Repeat exactly the lines of the records below, starting at the line containing "本次活动召集了分布在各个专业" and ending at the line containing "9. Selecciona el". Leave the pictures out.

* [Source information]
##########
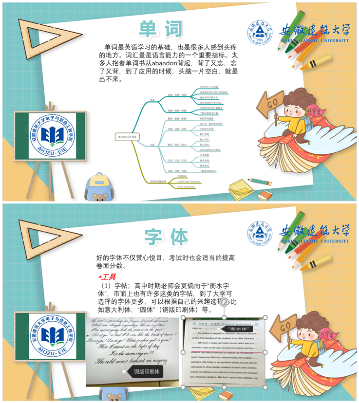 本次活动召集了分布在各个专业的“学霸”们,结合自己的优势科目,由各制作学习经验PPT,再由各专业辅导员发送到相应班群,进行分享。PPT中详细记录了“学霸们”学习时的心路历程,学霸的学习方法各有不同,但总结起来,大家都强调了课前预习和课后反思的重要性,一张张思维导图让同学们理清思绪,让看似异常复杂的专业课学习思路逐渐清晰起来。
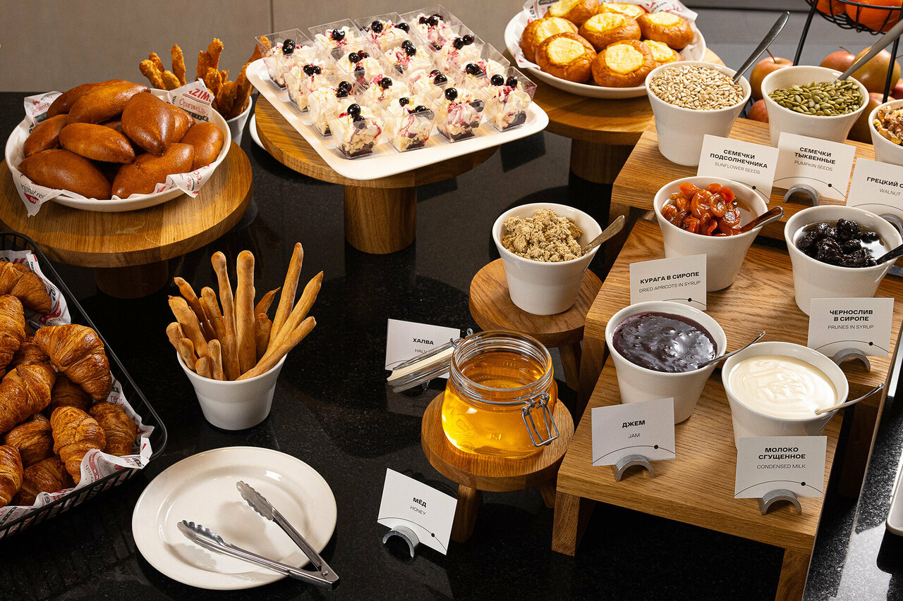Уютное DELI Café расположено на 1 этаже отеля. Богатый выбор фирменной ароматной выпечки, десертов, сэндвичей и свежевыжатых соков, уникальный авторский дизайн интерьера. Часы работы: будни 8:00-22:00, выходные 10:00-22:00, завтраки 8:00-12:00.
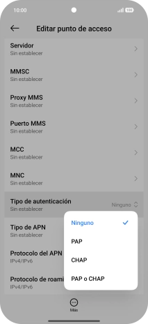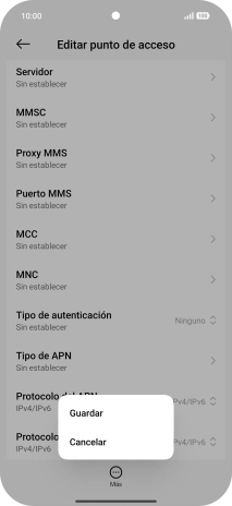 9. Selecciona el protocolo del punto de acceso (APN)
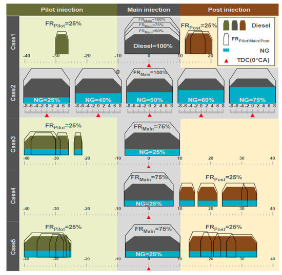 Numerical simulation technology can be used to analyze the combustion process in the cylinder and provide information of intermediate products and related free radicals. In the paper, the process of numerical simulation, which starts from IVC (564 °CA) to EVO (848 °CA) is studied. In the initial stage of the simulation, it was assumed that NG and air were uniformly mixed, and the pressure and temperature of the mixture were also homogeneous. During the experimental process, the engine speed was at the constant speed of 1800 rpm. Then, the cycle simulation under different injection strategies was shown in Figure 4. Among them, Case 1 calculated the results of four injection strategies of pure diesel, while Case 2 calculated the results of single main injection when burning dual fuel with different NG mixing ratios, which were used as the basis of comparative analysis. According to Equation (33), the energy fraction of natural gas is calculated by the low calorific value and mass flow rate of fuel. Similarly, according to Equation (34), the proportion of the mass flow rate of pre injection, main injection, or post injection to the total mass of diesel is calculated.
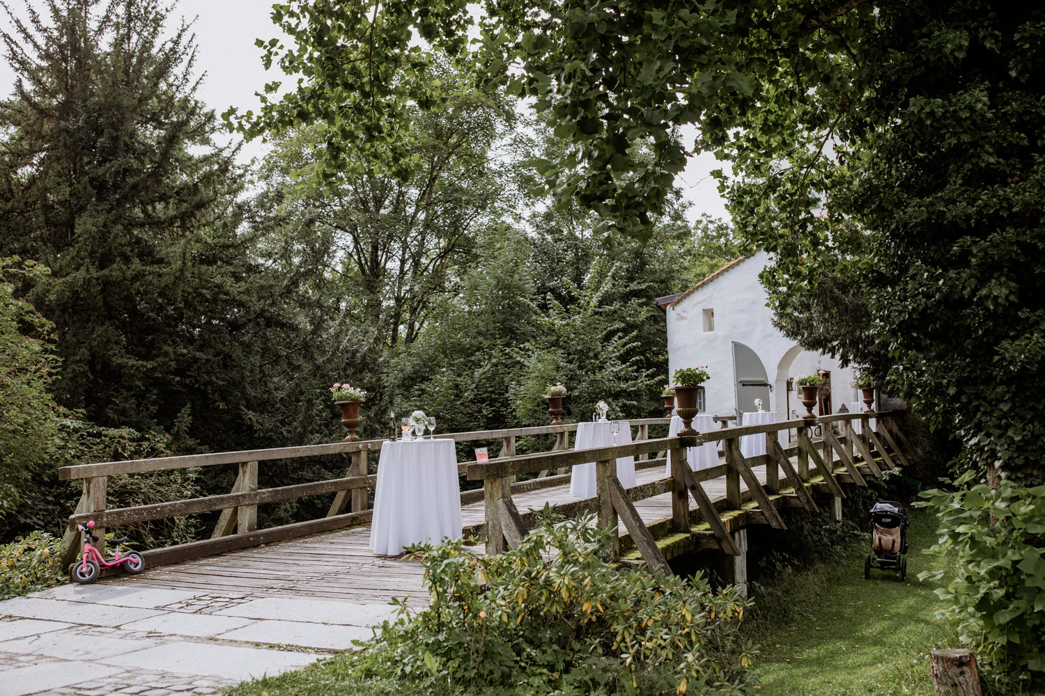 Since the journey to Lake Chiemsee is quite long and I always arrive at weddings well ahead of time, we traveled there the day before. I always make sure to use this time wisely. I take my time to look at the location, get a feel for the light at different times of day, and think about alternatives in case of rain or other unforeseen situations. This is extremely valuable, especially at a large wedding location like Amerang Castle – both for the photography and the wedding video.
##########
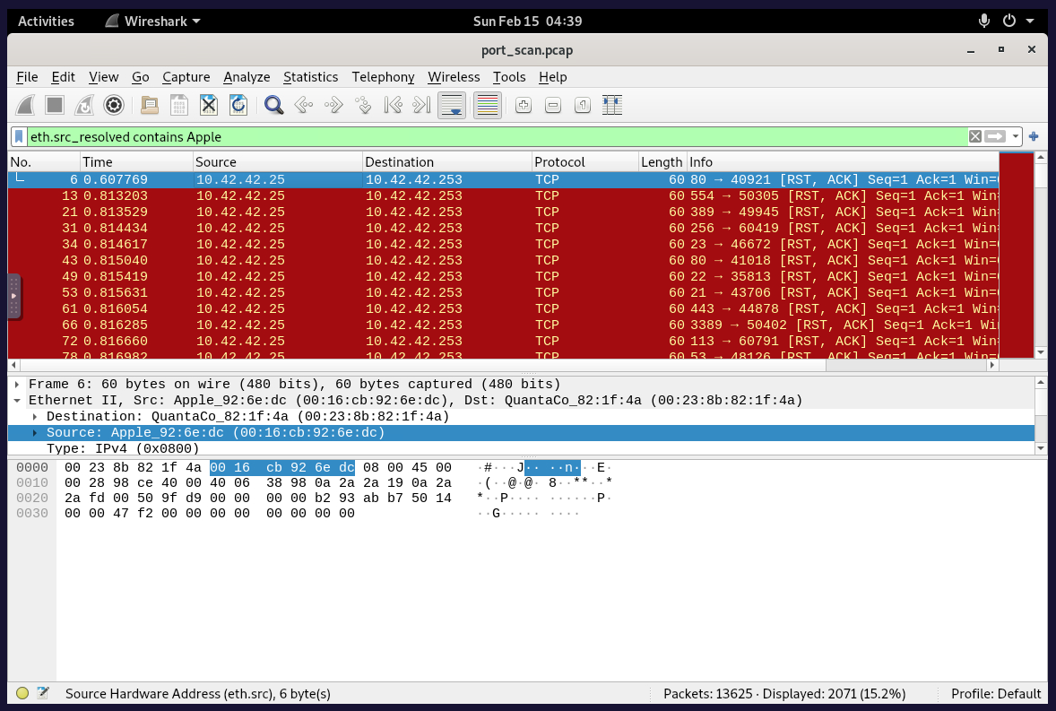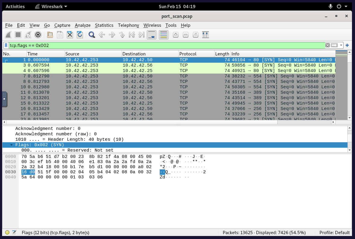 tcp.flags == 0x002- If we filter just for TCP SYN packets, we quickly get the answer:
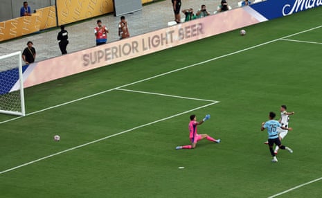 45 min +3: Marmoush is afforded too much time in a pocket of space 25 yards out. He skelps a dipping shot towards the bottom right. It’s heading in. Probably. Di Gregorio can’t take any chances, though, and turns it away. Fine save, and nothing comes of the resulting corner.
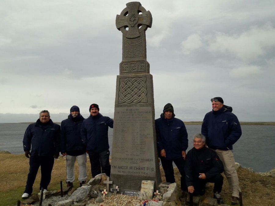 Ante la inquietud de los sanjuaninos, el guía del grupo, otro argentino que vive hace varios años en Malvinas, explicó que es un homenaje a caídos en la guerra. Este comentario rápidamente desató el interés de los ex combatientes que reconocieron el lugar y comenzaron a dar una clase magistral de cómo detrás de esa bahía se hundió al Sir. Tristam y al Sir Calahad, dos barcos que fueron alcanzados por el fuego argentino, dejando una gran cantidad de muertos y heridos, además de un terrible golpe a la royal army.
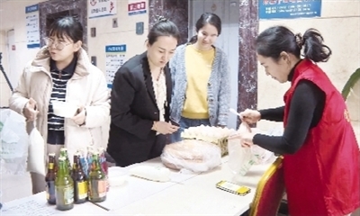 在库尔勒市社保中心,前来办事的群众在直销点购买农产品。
##########
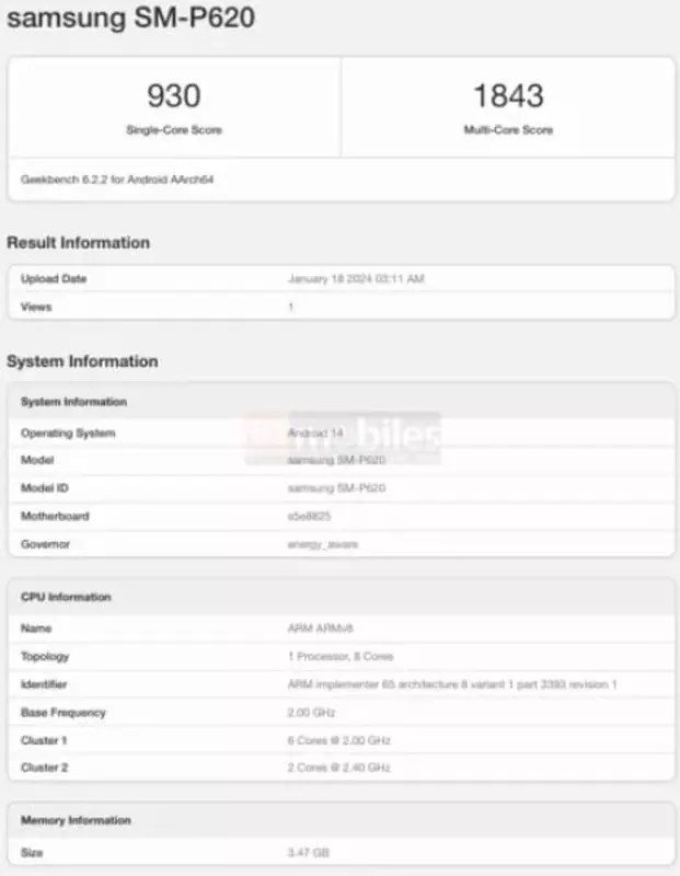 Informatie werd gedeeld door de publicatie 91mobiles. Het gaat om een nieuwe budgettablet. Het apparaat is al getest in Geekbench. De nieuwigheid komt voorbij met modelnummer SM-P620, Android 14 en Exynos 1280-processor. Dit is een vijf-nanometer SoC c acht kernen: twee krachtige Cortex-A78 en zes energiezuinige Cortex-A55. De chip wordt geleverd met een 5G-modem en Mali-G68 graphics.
##########
* [Output for this exercise]
 本次活动召集了分布在各个专业的“学霸”们,结合自己的优势科目,由各制作学习经验PPT,再由各专业辅导员发送到相应班群,进行分享。PPT中详细记录了“学霸们”学习时的心路历程,学霸的学习方法各有不同,但总结起来,大家都强调了课前预习和课后反思的重要性,一张张思维导图让同学们理清思绪,让看似异常复杂的专业课学习思路逐渐清晰起来。
Уютное DELI Café расположено на 1 этаже отеля. Богатый выбор фирменной ароматной выпечки, десертов, сэндвичей и свежевыжатых соков, уникальный авторский дизайн интерьера. Часы работы: будни 8:00-22:00, выходные 10:00-22:00, завтраки 8:00-12:00.
 9. Selecciona el protocolo del punto de acceso (APN)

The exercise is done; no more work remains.